Tuesday, January 17, 2012

JFK Speech Fallacy

1) Write a quote from the speech that commits a fallacy. 2) Tell what fallacy it commits and explain why it is guilty of committing that logical flaw. 3) Explain why a speech that blatantly commits so many fallacies can still be so effective and so famous.  


1) "If a free society cannot help the many who are poor, it cannot save the few who are rich." page 1, paragraph 8

2) This statement commits a non sequitur fallacy because there exists a disconnect between the premise ("a society can't help its poor") and the conclusion ("therefore, it cannot help the rich"). While the two statements both discuss an economic class, and therefore may appear to be related, in reality they have nothing to do with each other. A society being unable to assist the "many poor" does not guarantee that they will also be unable to help out the "few who are rich".

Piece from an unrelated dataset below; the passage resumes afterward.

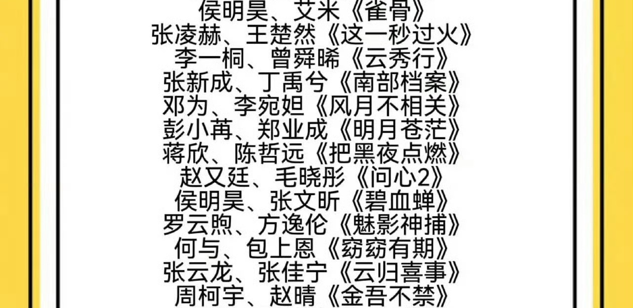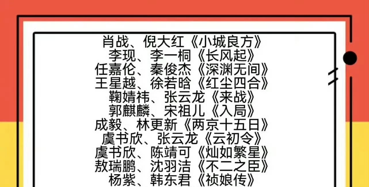 爱奇艺世界大会最期待哪部剧爱奇艺世界大会推介剧集2026爱奇艺世界大会推介剧集,最期待哪部剧? 肖战、倪大红《小城良方》李现、李一桐《长风起》任嘉伦、秦俊杰《深渊无间》王星越、徐若晗《红尘四合》鞠婧祎、张云龙《来战》郭麒麟、宋祖儿《入局》成毅、林更新《两京十五日》虞书欣、张云龙《云初令》虞书欣、陈靖可《灿如繁星》敖瑞鹏、沈羽洁《不二之臣》杨紫、韩东君《祯娘传》侯明昊、艾米《雀骨》张凌赫、王楚然《这一秒过火》李一桐、曾舜晞《云秀行》张新成、丁禹兮《南部档案》邓为、李宛妲《风月不相关》彭小苒、郑业成《明月苍茫》蒋欣、陈哲远《把黑夜点燃》赵又廷、毛晓彤《问心2》侯明昊、张文昕《碧血蝉》罗云熙、方逸伦《魅影神捕》何与、包上恩《窈窈有期》张云龙、张佳宁《云归喜事》周柯宇、赵晴《金吾不禁》景甜、屈楚萧《同心结》黄景瑜、蒋奇明《重器》王星越、王千源《暴虎》陈晓、张新成《秦谜》秦昊、汤唯《孔雀东南飞》刘昊然、李兰迪《海岛舒服日志》迪丽热巴、陈昊森《虽然不能同时拥有一切》钟楚曦、陈伟霆《爱情慢慢》李兰迪、郭俊辰《喀什恋歌》吴宣仪、翟潇闻《有戏》孙俪、孙阳《生日将至》赵又廷、庄达菲《生而有翼》潘粤明、胡先煦《寻找李顺章》周冬雨、彭冠英《海边的秘密》王骁、田曦薇《擒贼记》林一、卢昱晓《折月亮》田曦薇、胡一天《天才女友》蔡文静、陈靖可《非正式浪漫》陈鑫海、张淼怡《兄友妹恭》欧豪、娜扎《醒来》王阳、孙千《心诉》宋茜、王珞丹《狂花》杨超越、蒋龙《喜剧之王》敖瑞鹏、代露娃《一点浩然气》徐若晗、周柯宇《一枕春华》任嘉伦、王鹤润《佳偶天成》陈晓、毛晓彤《云襄传之将进酒》吴谨言、江疏影《回来的她们》朱正廷、卢洋洋《你是人间惊鸿客》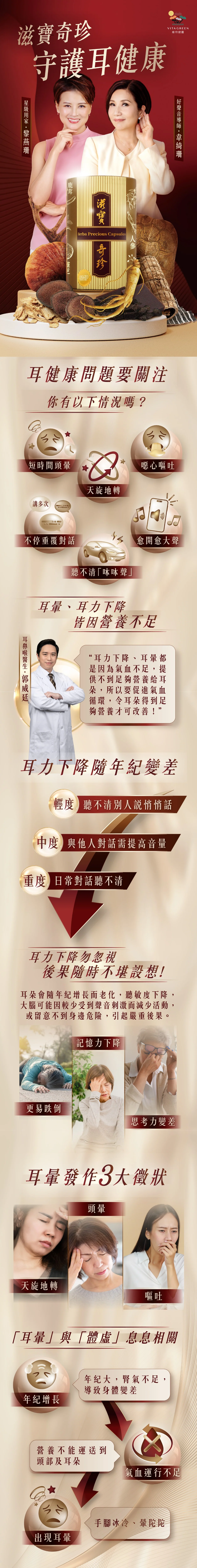 滋寶奇珍 蘊含20種珍貴典藏中藥 促進血液循環,為耳朵提供營養,改善耳力下降問題 改善耳脈失養,紓緩頭暈耳暈 超過9成用家認同4星期改善耳健康問題* 超過9成用家認同1個月有助改善聽敏度** *2023年滋寶奇珍問卷調查受訪人數143位。耳健康問題包括耳暈、耳朵不適等。 人蔘、靈芝、鹿茸、鹿角膠、龜甲、制何首烏、杜仲、當歸、巴戟天、補骨脂、枸杞子等二十種天然名貴中草藥製成。 受耳暈、耳力下降等耳健康問題困擾人士 氣血兩虛、容易腰酸、頭暈、疲倦者 用量:口服,每日2次,每次1-2粒

3) JFK manages to use rhetoric in such an inspirational, patriotic manner that people are riled up before they even have time to think about the many fallacies in the speech. The speech is designed to breed feelings of "Americanism" and pride for both the president and the country; listeners aren't exactly looking to the speech as a source of evidence-supported argument. Finally, after a president is elected, the majority of people are still focusing their attention and topics of discussion on the president himself and what they think he will do in office; they aren't absorbing the inauguration speech critically, looking for logical errors.